Material and methods: Experiments were performed on non-depilated male mice aged 7‒8 weeks from two strains: Balb/c and C57BL/6 (n=15). Local irradiation of the skin was carried out on the dorsal side of the animals using a scanning proton beam at an extended Bragg peak in the proton therapy complex «Prometheus» of the LPI Physico-technical Centre (Protvino) at a dose of 30 Gy with a proton energy of 87.8 MeV. During the irradiation session, animals were subjected to intraperitoneal anesthesia using a combination of Zoletil 100 (Virbac, France) and Xyla (Interchemie, Netherlands) in a previously determined ratio 1:3 (20‒40 mg/kg). Photographic documentation of radiation-induced skin damage was performed weekly for 70 days. Animals were examined daily for clinical manifestations of radiation-induced skin damage formation according to the RTOG international scale for 21 days following irradiation. The body weight dynamics of mice were evaluated one day before irradiation and then weekly for 70 days. Blood samples were collected from the tail vein by cutting the tip of the tail and analyzed using a DH36 Vet hematology analyzer (Dymind, China) one day before irradiation, one day and three days after irradiation, and weekly thereafter for 70 days. Experimental data were presented as mean ± standard deviation (M ± SD).
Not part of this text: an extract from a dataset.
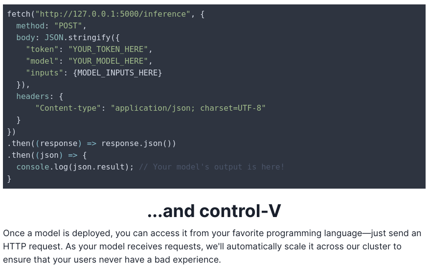 ML models are becoming increasingly easy to create, but model deployment hasn't caught up yet. It can take hours for an ML developer to get their model deployed into an internet-accessible API, and forget making it scalable. We realized that this problem is widespread, and that we could do something about it.

Results: In this study, the impact of a single local exposure to proton radiation at a dose of 30 Gy on the degree and dynamics of radiation-induced skin damage formation was evaluated. It was demonstrated that Balb/c mice exhibited a higher frequency and degree of radiation-induced skin damage formation compared to the C57BL/6 mice. Analysis of body weight in mice after radiation exposure revealed no significant decrease in either mouse strain. A comparative analysis of the number of platelets, erythrocytes and hemoglobin concentration in both mouse strains did not reveal any changes, while a tendency towards a decrease in the number of leukocytes, lymphocytes, and granulocytes was observed in the irradiated Balb/c mice group compared to the control group. Conversely, in irradiated C57BL/6 mice, the number of lymphocytes was higher compared to control animals.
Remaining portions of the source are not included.